しかし、それは存外にも私の心に突き刺さる。
「せ、せっかくフェイと付き合えたのに」
「おーおー、かわいそーに」
「拷問が性癖だなんて信じられない」
「俺としてはフェイがギルルみたいなタイプと付き合うってこと事態信じられない気持ちで胸がいっぱいだけどな」
フィンクスはそんな酷いことを言ってまたもや筋トレに勤しみ始めた。
✱
その夜、悶々と件のことについて考えていると、フェイが部屋へと戻ってきた。
「あ、おかえり、フェイ。あのね、」
「今いいか、ギルル」
「え?いいって何が?」
その一言の次に、フェイは、がっと私の顎を掴むように握ると、唇を荒く重ねた。
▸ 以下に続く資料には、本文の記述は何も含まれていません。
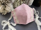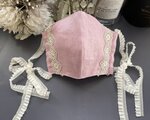 ピンクカラーの美しい極薄のリネンを本体に使用し、白金カラーのレースをポイントにつけたマスクです。
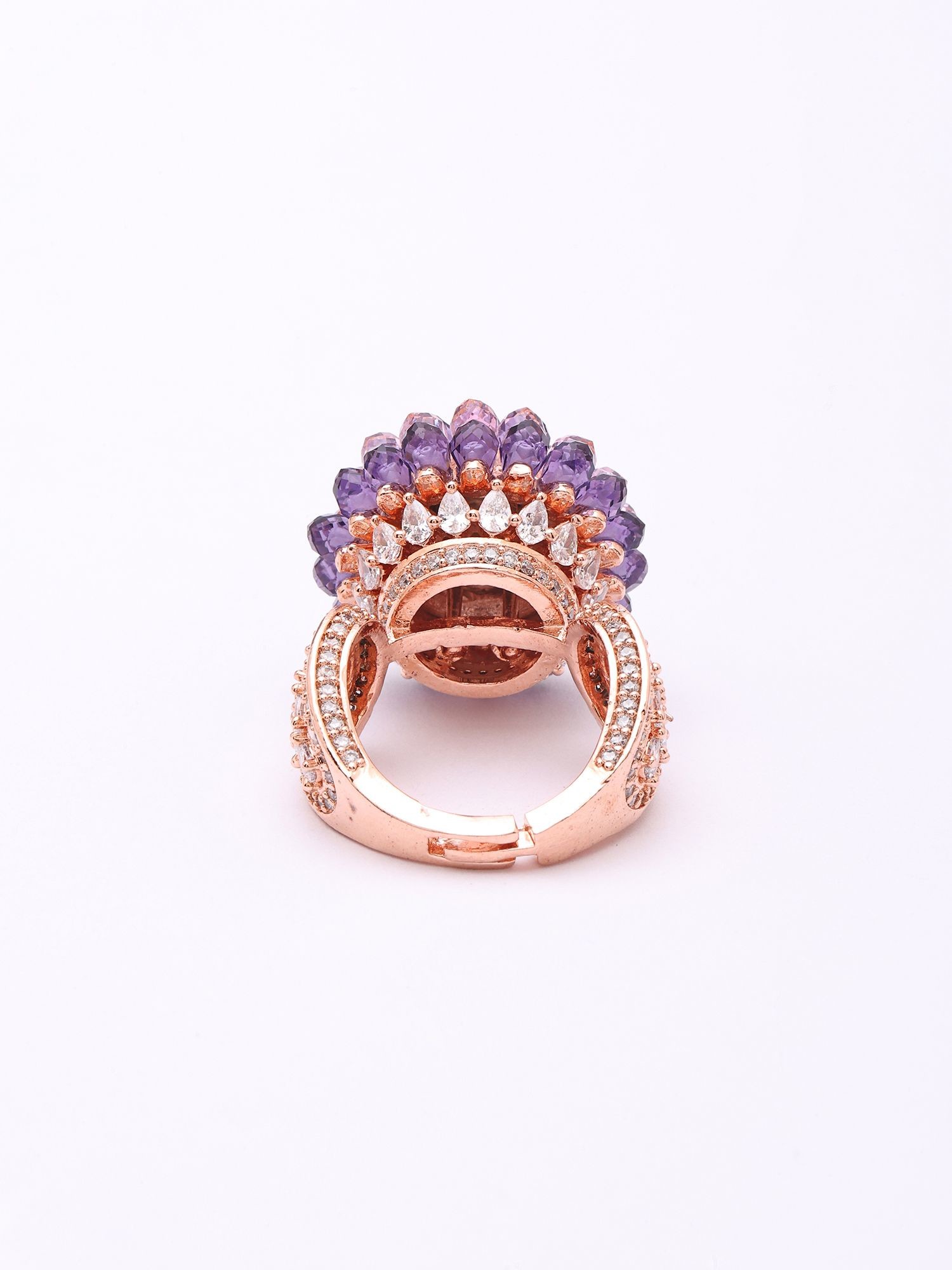 Blooming Petal Design Stone Studded American Diamond Adjustable Ring
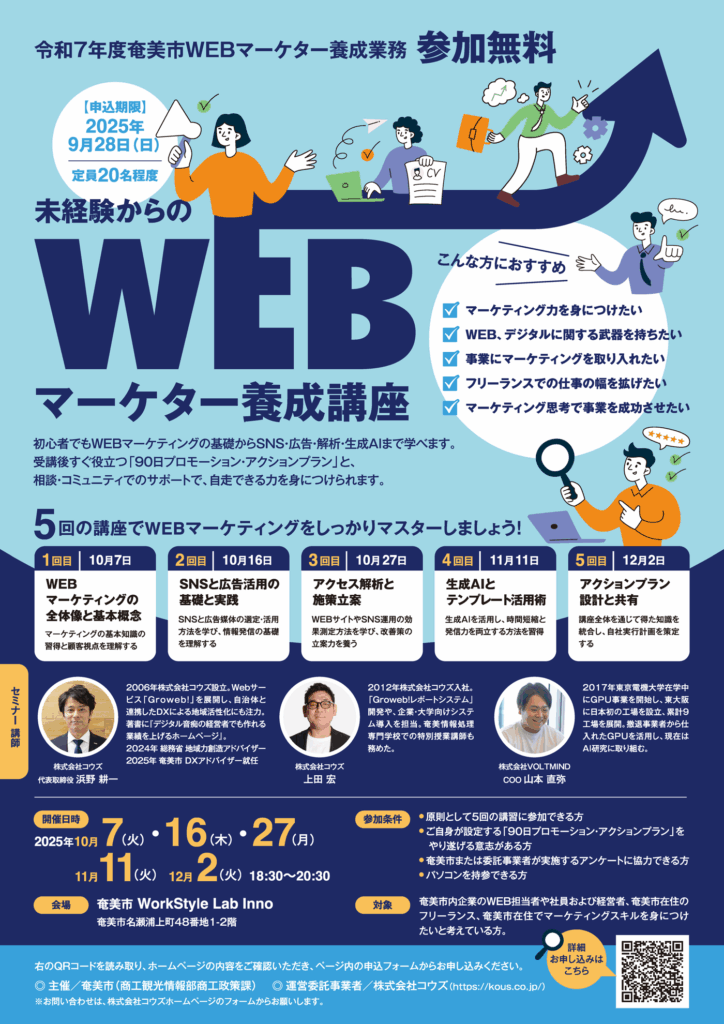 株式会社VOLTMIND(本社:大阪府大阪市、代表取締役:北森 聖士、以下「当社」)は、2025年11月11日、鹿児島県奄美市が主催し、株式会社コウズ(本社:大阪府大阪市、代表取締役:浜野 耕一、以下「コウズ」)が運営を行う、令和7年度 奄美市WEBマーケター養成業務『未経験からのWEBマーケター養成講座』に外部講師として登壇いたしました。
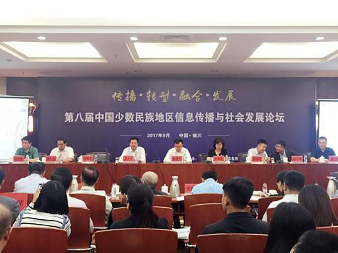 2017年9月16日,由中國(guó)少數(shù)民族地區(qū)信息傳播與社會(huì)發(fā)展論壇組委會(huì)、中國(guó)人民大學(xué)新聞傳播學(xué)院、寧夏大學(xué)新聞傳播學(xué)院聯(lián)合主辦,銀川市傳媒集團(tuán)協(xié)辦的第八屆少數(shù)民族地區(qū)信息傳播與社會(huì)發(fā)展論壇在寧夏銀川舉行。來(lái)自全國(guó)42所高校的130多名專(zhuān)家、學(xué)者齊聚銀川,圍繞少數(shù)民族地區(qū)信息傳播與社會(huì)發(fā)展問(wèn)題進(jìn)行交流研討。
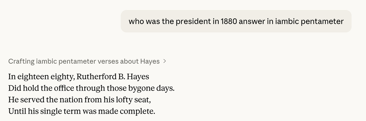 The poets in the audience are going to complain that this isn’t very good poetry — objecting, perhaps, that “the iambic pentameter is inconsistent. The first line, ‘In eighteen eighty, Rutherford B. Hayes,’ doesn’t scan cleanly as five iambic feet. ‘Rutherford’ is a dactyl (stressed-unstressed-unstressed), which disrupts the rhythm. ‘Lofty seat’ and ‘bygone days’ are clichés. The whole thing reads like it was assembled from stock phrases rather than crafted with care.”
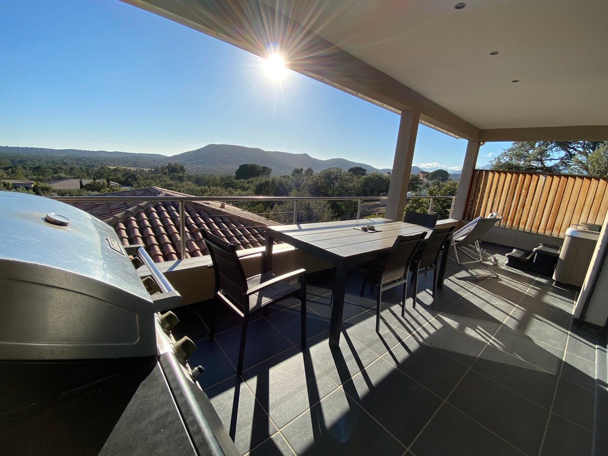 El jacuzzi está en la terraza con una barbacoa, tumbonas y una mesa, todo con vistas al mar. La piscina se calienta a 29 grados desde abril (vacaciones de Semana Santa) hasta principios de noviembre (vacaciones de Todos los Santos). También tiene acceso al baño turco y a la sauna, así como al gimnasio. La playa de Pinarello está a 700 metros a pie con su pequeño pueblo de pescadores y sus restaurantes. El río está a 10 minutos con sus piscinas naturales y rutas de senderismo.
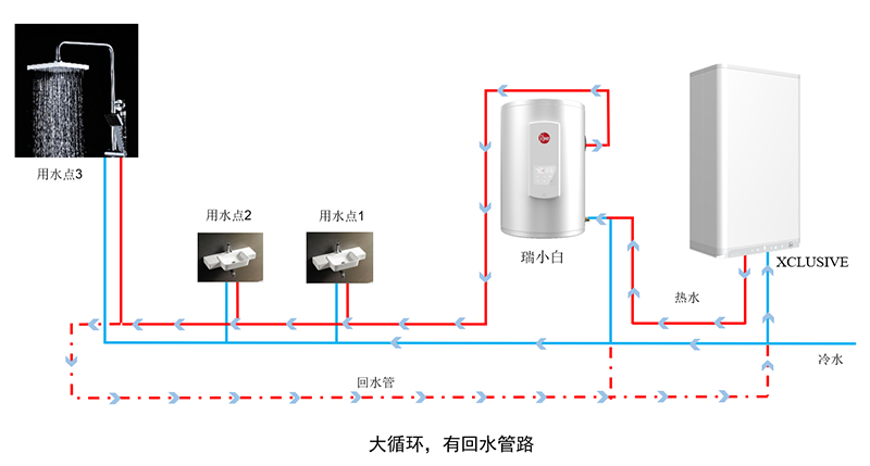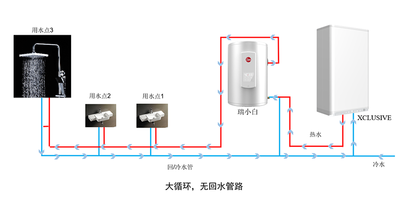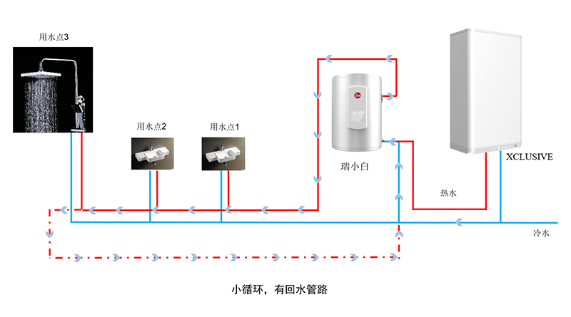 *小循环:小户型,循环管路较短(30m以下),优先使用瑞小白内部热水,实现全屋热水循环;
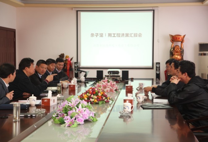 梁學(xué)忠董事長(zhǎng)介紹條子泥I期工程進(jìn)展情況
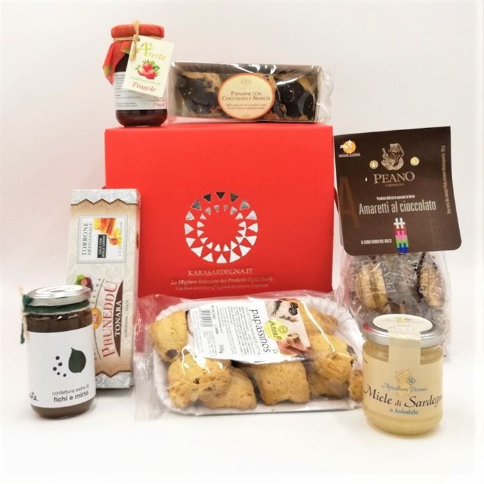 PUO´CONTENERE UNA SELEZIONE 5/6 PRODOTTI TIPICI SARDI. Elegante confezione in cartone rigido da regalare per festeggiare i tuoi momenti speciali. Su richiesta è possibile comporre la confezione con i tuoi prodotti preferiti, scelti sul nostro sito.Come procedere? Una volta inseriti a carrello...
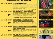K mosteckému jezeru se sjedou otužilci18:32 Už v sobotu 17. ledna se Mostecké jezero znovu promění v místo, kde se potkají ti nejodolnější z celé republiky. Koná se totiž 4. ročník setkání otužilců, které je zároveň součástí Českého poháru v zimním plavání. Pořadatelem je město Most ve spolupráci s Plaveckým klubem Otužilci Most. Do ledové vody se ponoří zhruba 150 otužilců […] V Krušných horách se lyžuje18:32 V lyžařských areálech v Ústeckém kraji se tento víkend lyžuje. Zpravodajství o podmínkách pro lyžaře připravuje Ústecký kraj. Výstava obrazů Veroniky Jiránkové3.ledna Vernisáž se bude konat ve středu 14.01.2026 od 18 hod. v aule Scholy Humanitas. Výstava je prodejní a potrvá do 14.02.2026. Dnes otevřeno na hvězdárně!3.ledna Hvězdárna a Planetárium Most na Hrad Hněvín je dnes pro veřejnost otevřena od 13:00 do 20:00 hodin. Pokud vydrží jasná obloha, čeká na návštěvníky do cca 15:30 pozorování Slunce a jeho skvrn. Po soumraku se pak návštěvníci společně podívají na taje noční oblohy. Pokud přijdete k zavřeným dveřím hvězdárny, mějte prosím trpělivost a pochopení. Do […] Finanční správa pomůže Litvínovským s daňovým přiznáním3.ledna Finanční správa i v roce 2026 vyjede do Litvínova pomáhat s daňovým přiznáním Konzultační telefonní linka 953 131 660 Závody psích spřežení2.ledna Na Klínovci startuje lyžování2.ledna V sobotu 3.1. se otevřou všechny tři lyžařsky propojené části areálu – sever, jih i Neklid. Nově se v ten den k Dámské, Pařezovce a Lázeňské přidají Přemostěná a Moser a to včetně propojovacích lyžařských cest. Do provozu bude uvedeno všech 5 lanovek. Do této chvíle napadlo i kolem 20 cm přírodního sněhu, takže si užijete […] Vyjeďte si na běžky2.ledna Od 1. ledna se v mostecké nemocnici nebude rodit1.ledna Od 1. do do 6. ledna nebude porodnice v Mostě přijímat maminky k porodu. Pokud se váš termín blíží, počítejte s využitím okolních porodnic v rámci Krajské zdravotní. Porodnice bude opět přijímat od úterý 6. ledna od 12 hodin. Během rekonstrukce se přesouvají porodní sály do náhradních, moderně připravených prostor v budova B, 8. patro […] |
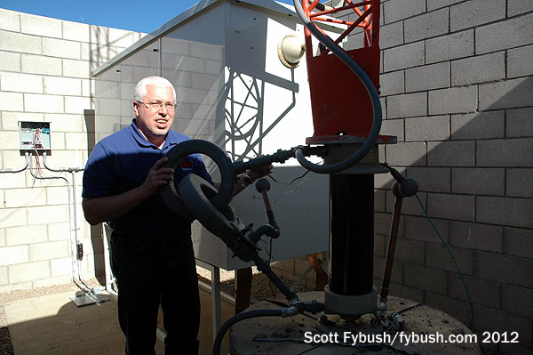 As hard as it is to get up here, vandalism is still a huge concern, and so Crawford put in a lot of work and money to harden this site as much as possible. The prefab building housing the new Nautel NX50 transmitter and Kintronics phasor (and eventually, for backup, the Nautel XR12 that had been the main on Catalina) lives behind a sturdy concrete-block wall with tamper-proof hinges on the heavy steel door. Each ATU and tower base is similarly protected – and just for good measure, there’s special graffiti-resistant paint coating the outside of each of those walls.
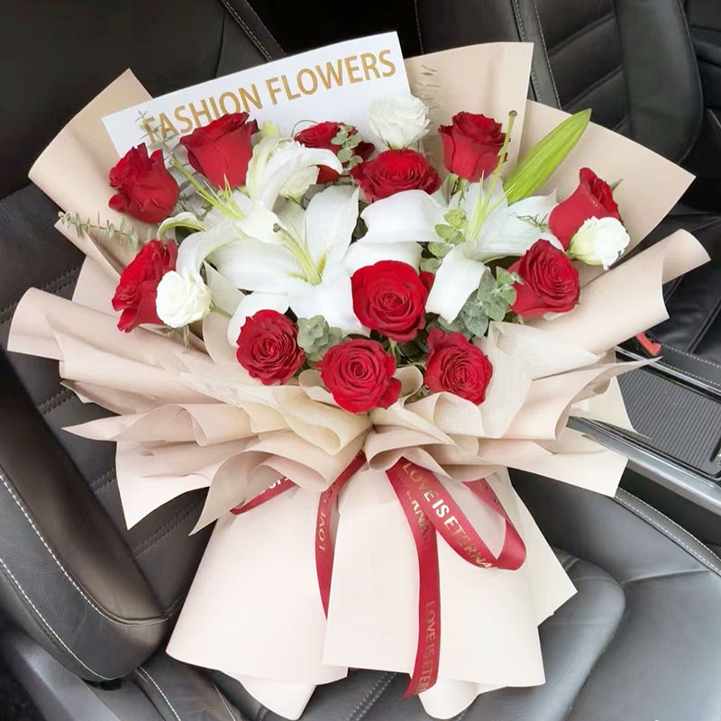【花开不败】精选11朵红玫瑰,1支多头白色香水百合,搭配尤加利叶、满天星丰满装饰。
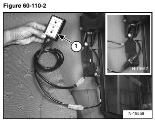 Connect the Sensor Tester (Item 1) [Figure 60-110-2] inline, to the seat bar sensor connectors. See inset [Figure 60-110-2].
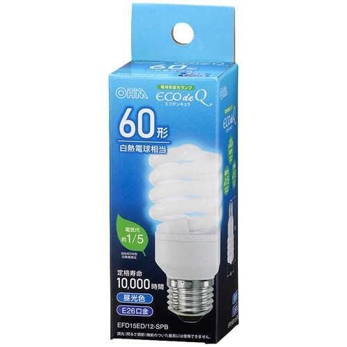 オーム電機 電球形蛍光灯 エコデンキュウ スパイラル形 60形 E26 昼光色 EFD15ED/12-SPB 1個
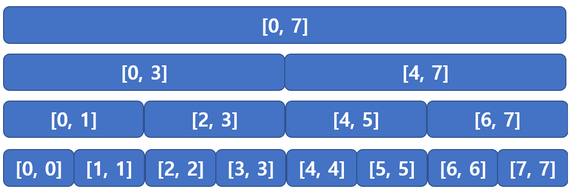 예를 들어, 부모가 구간[0, N-1]을 표현한다면, 그 왼쪽 자식은 [0, (N-1)/2]를, 오른쪽 자식은[(N-1)/2+1, N-1]를 표현한다.
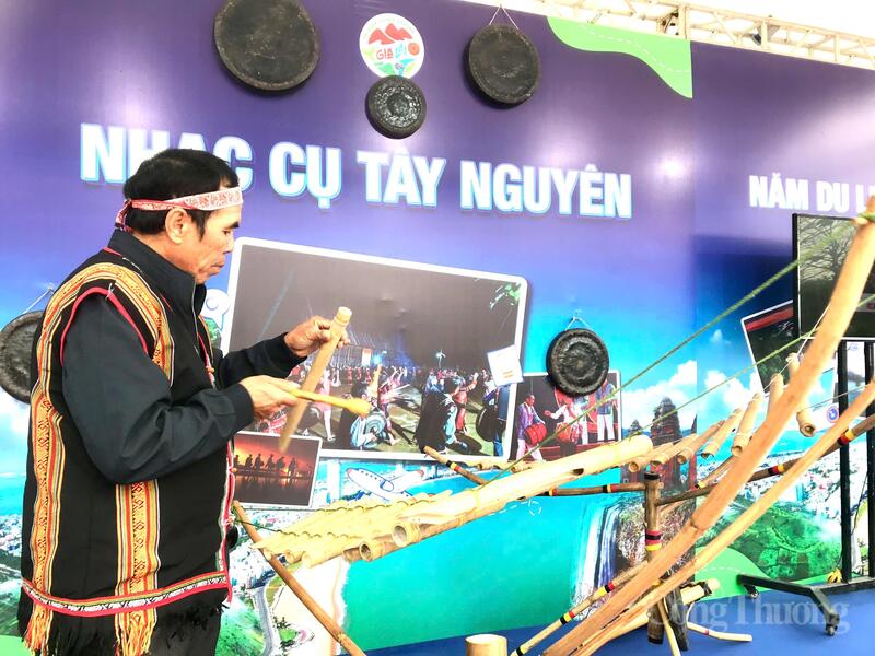 Các nghệ nhân giới thiệu dụng cụ âm nhạc Tây Nguyên. Ảnh: Hoa Quỳnh

突然の性急な行為に驚いたがなすがままで私はいた。冷たくしっとりとした唇。侵すようにフェイの冷たい唾液が私のそれと交わり、その微かな温もりがかわいいと思った。歯を、一つ一つ舌でなぞるように深くキスをかます彼に、不思議な気持ちでいたのはおかしいことじゃないだろう。
「ふ、はあっ」
そして服を剥ぎ取る彼の手荒な所作。そしてそのまま、その手は下に……ってちょっと待って待って、待ってくれ。
「んん、フェイ、まって」
「何ね」
「んーっ」
またキスをくれた。ってそうじゃない!
「仕方無しにするセックスは嫌!」
「は?」
なんなのコイツ、という顔をフェイタンはした。私はピッと人差し指を彼の目の前に立てた。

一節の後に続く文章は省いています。